In LaFlam, the defendant filed a motion in the United States District Court for the District of Rhode Island requesting certification of two questions of law.  LaFlam at 3.  The District Court denied the defendant’s motion, concluding that decisions of the Rhode Island Supreme Court were indicative of how it would answer the questions presented in that case.  Id. at 3-4.  On appeal to the First Circuit, the defendant again requested certification of the two questions to the Rhode Island Supreme Court.  Id. at 4.  The First Circuit agreed with the defendant that there was no controlling precedent in Rhode Island that would assist it in answering the questions before it and, therefore, certified the questions to the Rhode Island Supreme Court.

  1. SUPREME COURT MAY AFFIRM GRANT OF SUMMARY JUDGMENT ON OTHER GROUNDS. 

In a decision this term, the Rhode Island Supreme Court reminded practitioners that it may affirm decisions granting summary judgment on grounds other than those relied upon by the motion justice.  See Beauregard v. Gouin, No. 2010-434-Appeal at 10 n.7 (citing Lavoie v.

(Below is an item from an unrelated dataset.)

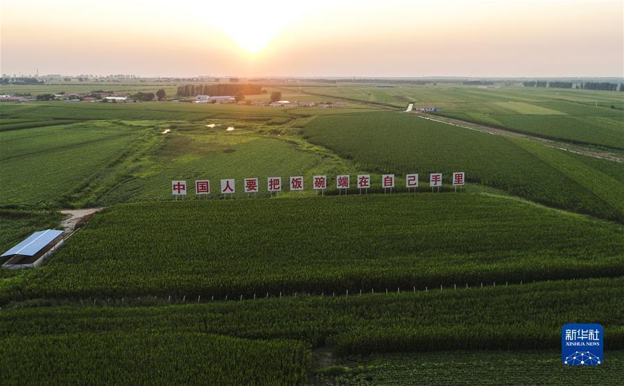 这是2020年7月23日拍摄的吉林省梨树县国家百万亩绿色食品原料(玉米)标准化生产基地核心示范区(无人机照片)。新华社记者 许畅 摄

North East Knitting, Inc., 918 A.2d 225, 228 (R.I. 2007)).  In that case, the Court concluded that the trial court properly granted summary judgment in favor of the defendant on plaintiff’s claim for slander of title because one of the necessary elements for such a claim was absent.  Id. at 8-9.  On appeal, the plaintiff argued that the trial court also erred with respect to its conclusions on a different element of the slander of title claim.  Id. at 10 n.7.  Having already concluded that one of the necessary elements was absent, the Court affirmed the trial court’s decision on that basis alone and declined to address the plaintiff’s arguments with respect to the other elements of the slander of title claim.  Id.

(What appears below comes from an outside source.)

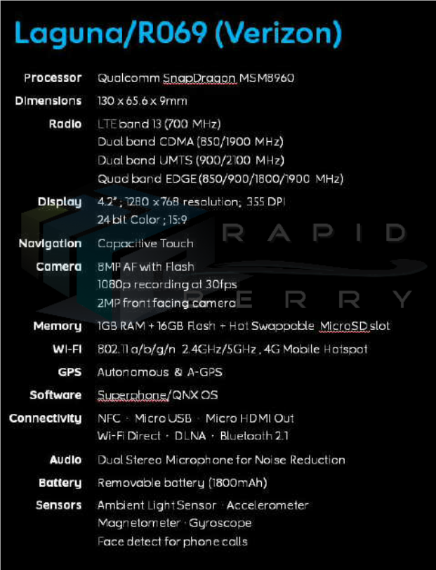 Vi mostriamo quelle che dovrebbero essere le specifiche tecniche di tre smartphone touchscreen di Research In Motion-RIM, facenti parte della Serie-L e che saranno dotati del nuovo sistema operativo BlackBerry 10.

  1. SUPREME COURT MAY AFFIRM TRIAL COURT RULINGS ON OTHER GROUNDS. 

In addition to the Rhode Island Supreme Court’s ability to affirm a trial court’s grant of summary judgment on grounds other than those relied upon by the trial court, the Court may also affirm a trial court’s rulings on other grounds.  See Meyer v. Meyer, No. 2011-14-Appeal at 16 n.8 (citing In re Last Will and Testament of Quigley, 21 A.3d 393, 401 n.6 (R.I. 2011); Shepard v. Harleysville Worcester Ins. Co., 944 A.2d 167, 170 (R.I. 2008); Ahlburn v. Clark, 728 A.2d 449, 452 (R.I. 1999)).

  1. DID YOU KNOW?

The Rhode Island Supreme Court “rides the circuit” twice a year, hearing cases in various venues throughout the state.  The tradition of riding the circuit “dates to colonial times when the courts and other bodies of government traveled from town to town, taking the people’s business directly to the people.”  See Office of Community Outreach and Public Relations.  For example, when he was a practicing lawyer, Abraham Lincoln traveled the circuit in the Eighth Judicial Circuit of Illinois.  See John J. Duff, A. Lincoln: Prairie Lawyer 168 (1960).  This term, the Rhode Island Court sat at Exeter-West Greenwich Regional High School.  See Cruz v. DaimlerChrysler Motors Corp., No. 2012-56-Appeal at 1.